Early signals have been encouraging. In a previous clinical trial of 3,127 people with obesity without diabetes, participants achieved an average 12.4% reduction in body weight.
Trial design: placebo control, double-blinding, and daily dosing
The newer trial focused specifically on type 2 diabetes. It enrolled 1,613 adults diagnosed with the condition who were categorised as overweight or obese. The average participant was 57 years old and weighed 101 kg (about 16 stone).
Participants were assigned to one of four groups:
- Placebo (a control pill with no active drug)
- Orforglipron 6 mg
- Orforglipron 12 mg
- Orforglipron 36 mg
For 72 weeks, each participant took their allocated tablet once daily and followed a dietary plan that reduced intake by 500 calories per day compared with baseline.
The study used double-blinding, meaning neither the participants nor the researchers knew who was taking which pill while outcomes were being assessed-an approach intended to limit bias in the interpretation of results.
Results: weight loss rose with dose, with a standout high-dose effect
The findings showed a clear dose-response pattern:
- 36 mg: average 9.6% body-weight loss (about 9.6 kg)
- 12 mg: average 7.0% body-weight loss
- 6 mg: average 5.1% body-weight loss
- Placebo: average 2.5% body-weight loss
Notably, 26% of participants receiving 36 mg lost more than 15% of their body weight.
Beyond weight: blood sugar and other markers improved, with familiar side effects
Improvements were also seen in metabolic health.

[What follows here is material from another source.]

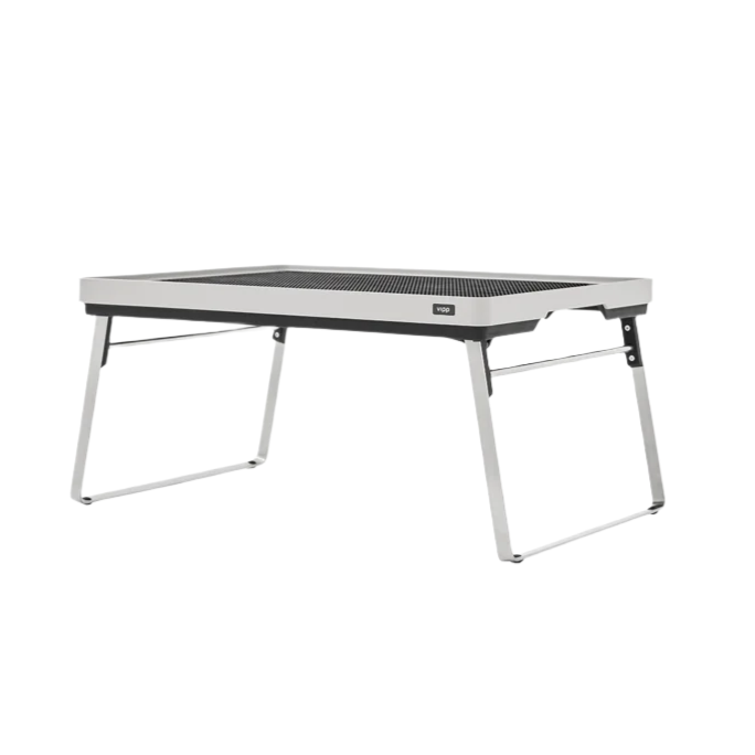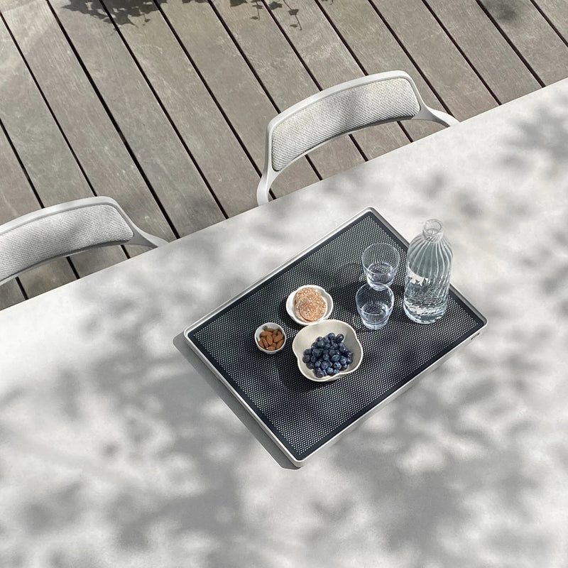Reimagined for the outdoors, the Vipp tray table, is now available in a light grey colour and part of the Vipp Open-Air outdoor collection. The Vipp Open-Air tray table features durable rubber and aluminium details, with rubber edges on the table and feet to protect surfaces.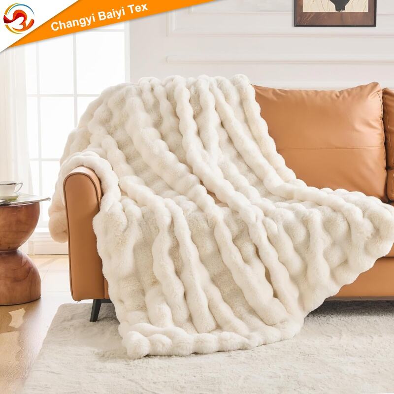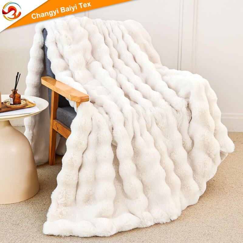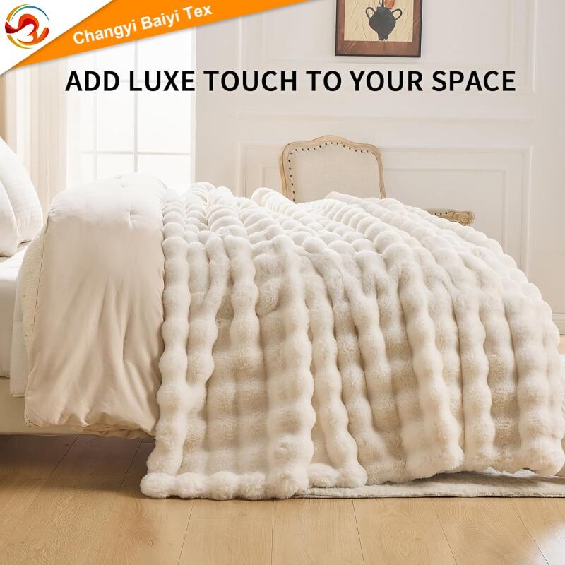 ▲Wyroby premium: Ten koc z imitacji futra królika w bąbelkowym kształcie wykonany jest z nadwyścigowego mikro włókna, co czyni go niezwykle miękkim, delikatnym i puszystym. Zapewnia komfort bez przegrzewania się czy pocenia. Ulepszona obróbka antystatyczna skutecznie redukuje elektryzowanie, zapewniając lepsze wrażenia z użytkowania.

Blood sugar markers improved significantly across all orforglipron doses when compared with placebo, and measures linked to the heart, inflammation, and blood pressure also moved in a favourable direction.
The side-effect profile resembled that of injectable GLP-1 drugs, with nausea, diarrhoea, vomiting, and constipation reported-effects consistent with how GLP-1 receptor activation slows gastric emptying and influences appetite.
How it compares with tirzepatide, and why a pill could still matter
The pill did not match the magnitude reported for a once-weekly 15 mg injection of the GLP-1 drug tirzepatide, which in an earlier clinical trial produced an average 14.7% weight loss in participants with diabetes. Even so, the convenience, comfort, and practicality of an oral option could make a modest reduction in effectiveness an acceptable compromise for some people.
“We know it is harder for individuals with diabetes to lose weight. It is exciting to have an oral medication that provides double-digit weight loss, which on average was 23 pounds,” Horn says.
“Once FDA approved, orforglipron is scheduled to be available in 2026 at a significantly decreased cost compared to current injectables. This could position it to be the ‘metformin’ of obesity and become widely covered by insurance plans, opening the door to treatment for all.”
Practical considerations: adherence, access, and the role of lifestyle support
If orforglipron proves effective and safe in wider use, a daily tablet could improve adherence for people who are uneasy about injections or who struggle with cold-chain storage and sharps disposal. Easier administration may also help clinicians scale treatment in primary care settings, where injectable training and supply constraints can be barriers.
At the same time, the trial combined medication with a structured calorie reduction, highlighting that outcomes in routine practice will still depend on sustained dietary and behavioural support. Regular review of weight, blood sugar, and tolerability will remain important, particularly when gastrointestinal side effects affect eating patterns and hydration.
What still needs clarification
While the results are strong, longer-term evidence will be needed to understand durability beyond 72 weeks, how weight changes after stopping therapy, and whether benefits translate consistently across different age groups, diabetes durations, and concurrent medications. Future work will also need to define how best to position orforglipron alongside established therapies, including how it might be sequenced with or combined with other glucose-lowering drugs.
The study was funded by Eli Lilly and published in The Lancet.